[[ TASK MATERIAL, beginning ]]

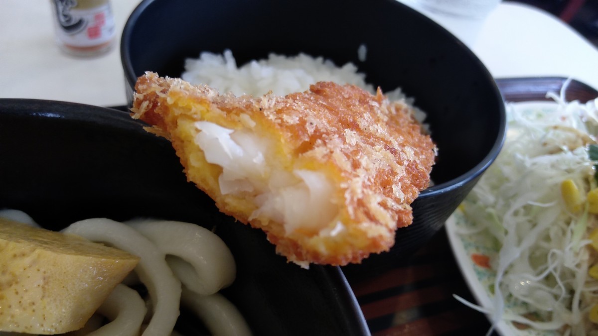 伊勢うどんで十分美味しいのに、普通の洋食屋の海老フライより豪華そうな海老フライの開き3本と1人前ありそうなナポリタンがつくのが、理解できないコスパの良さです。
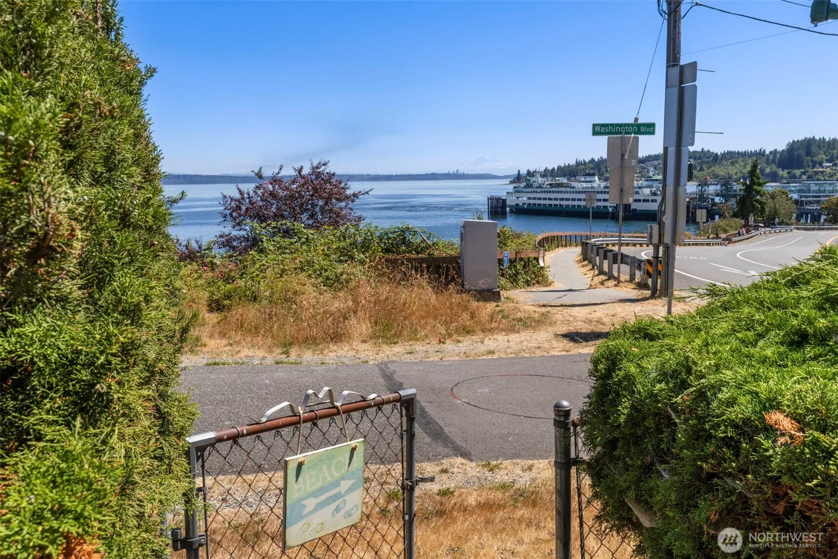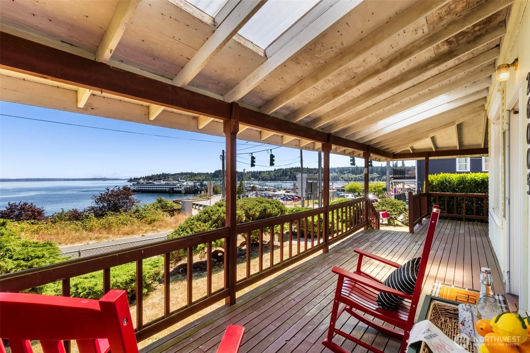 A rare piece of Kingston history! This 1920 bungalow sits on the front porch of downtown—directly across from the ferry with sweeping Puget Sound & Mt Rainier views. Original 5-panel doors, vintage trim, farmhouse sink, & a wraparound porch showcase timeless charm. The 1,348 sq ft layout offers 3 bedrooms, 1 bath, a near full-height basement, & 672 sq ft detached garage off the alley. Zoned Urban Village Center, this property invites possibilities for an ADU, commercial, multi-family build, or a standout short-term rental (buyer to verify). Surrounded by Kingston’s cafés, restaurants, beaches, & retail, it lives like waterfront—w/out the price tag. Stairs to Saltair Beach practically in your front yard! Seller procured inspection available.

[[ TASK MATERIAL, end ]]
[[ TASK MATERIAL, beginning ]]

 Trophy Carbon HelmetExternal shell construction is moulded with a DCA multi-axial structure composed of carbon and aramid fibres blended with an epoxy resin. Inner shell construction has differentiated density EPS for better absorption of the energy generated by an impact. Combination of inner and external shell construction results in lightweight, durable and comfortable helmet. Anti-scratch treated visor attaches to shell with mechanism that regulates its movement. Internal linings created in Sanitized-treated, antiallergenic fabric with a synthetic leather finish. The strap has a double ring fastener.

[[ TASK MATERIAL, end ]]
[[ TASK MATERIAL, beginning ]]

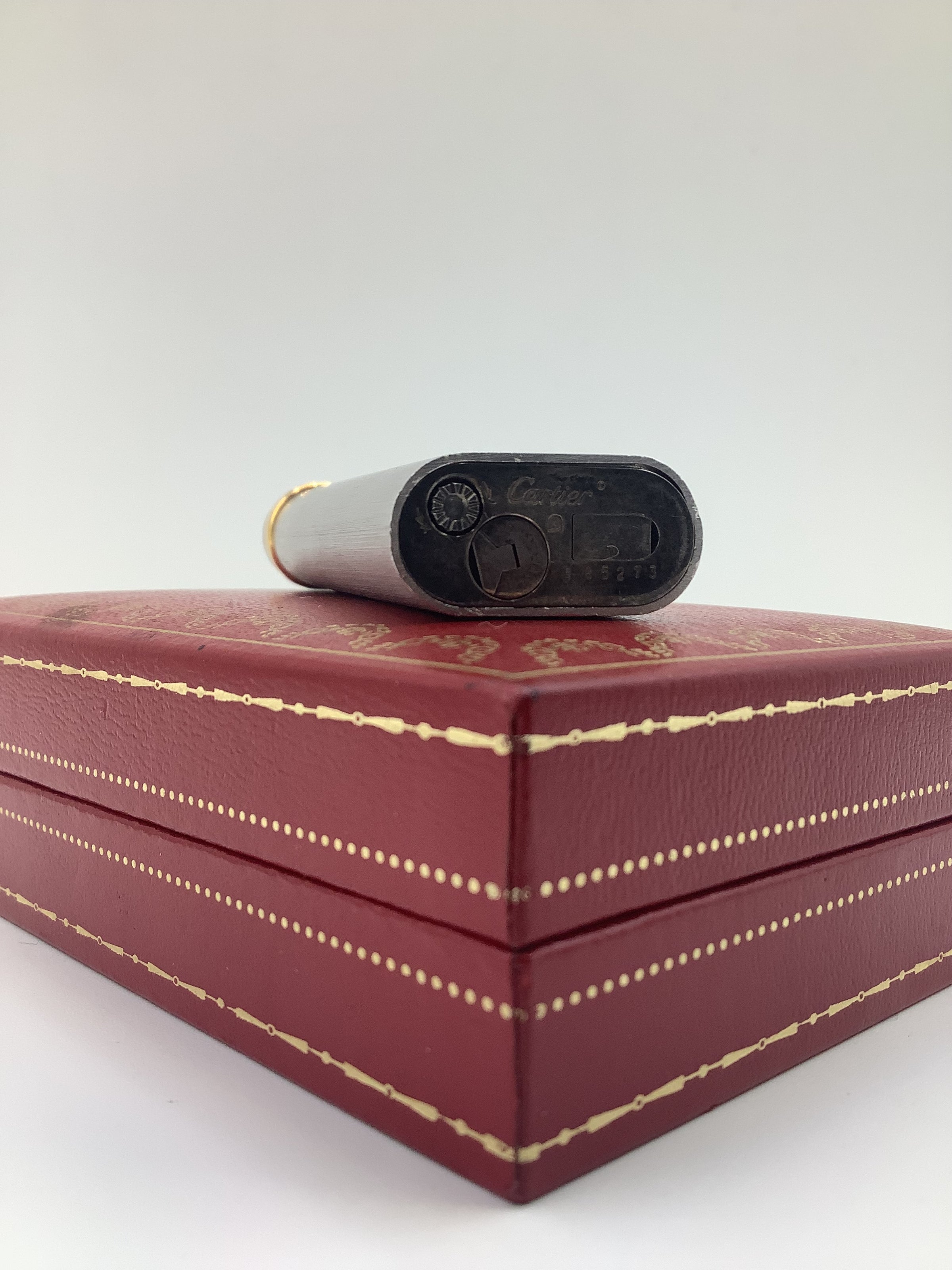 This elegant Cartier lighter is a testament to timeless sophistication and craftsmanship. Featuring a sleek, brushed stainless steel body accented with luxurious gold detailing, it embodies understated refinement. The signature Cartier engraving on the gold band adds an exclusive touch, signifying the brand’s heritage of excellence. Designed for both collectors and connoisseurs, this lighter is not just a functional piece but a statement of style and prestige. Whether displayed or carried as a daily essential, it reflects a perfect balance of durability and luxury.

[[ TASK MATERIAL, end ]]

#### TASK TO CARRY OUT
When you reach the line with "伊勢うどんで十分美味しいのに" in the records above, start writing out each line exactly, and stop after the line with "A rare piece". Pictures stay out.

#### RESPONSE FOR THIS EXERCISE
 伊勢うどんで十分美味しいのに、普通の洋食屋の海老フライより豪華そうな海老フライの開き3本と1人前ありそうなナポリタンがつくのが、理解できないコスパの良さです。
 A rare piece of Kingston history! This 1920 bungalow sits on the front porch of downtown—directly across from the ferry with sweeping Puget Sound & Mt Rainier views. Original 5-panel doors, vintage trim, farmhouse sink, & a wraparound porch showcase timeless charm. The 1,348 sq ft layout offers 3 bedrooms, 1 bath, a near full-height basement, & 672 sq ft detached garage off the alley. Zoned Urban Village Center, this property invites possibilities for an ADU, commercial, multi-family build, or a standout short-term rental (buyer to verify). Surrounded by Kingston’s cafés, restaurants, beaches, & retail, it lives like waterfront—w/out the price tag. Stairs to Saltair Beach practically in your front yard! Seller procured inspection available.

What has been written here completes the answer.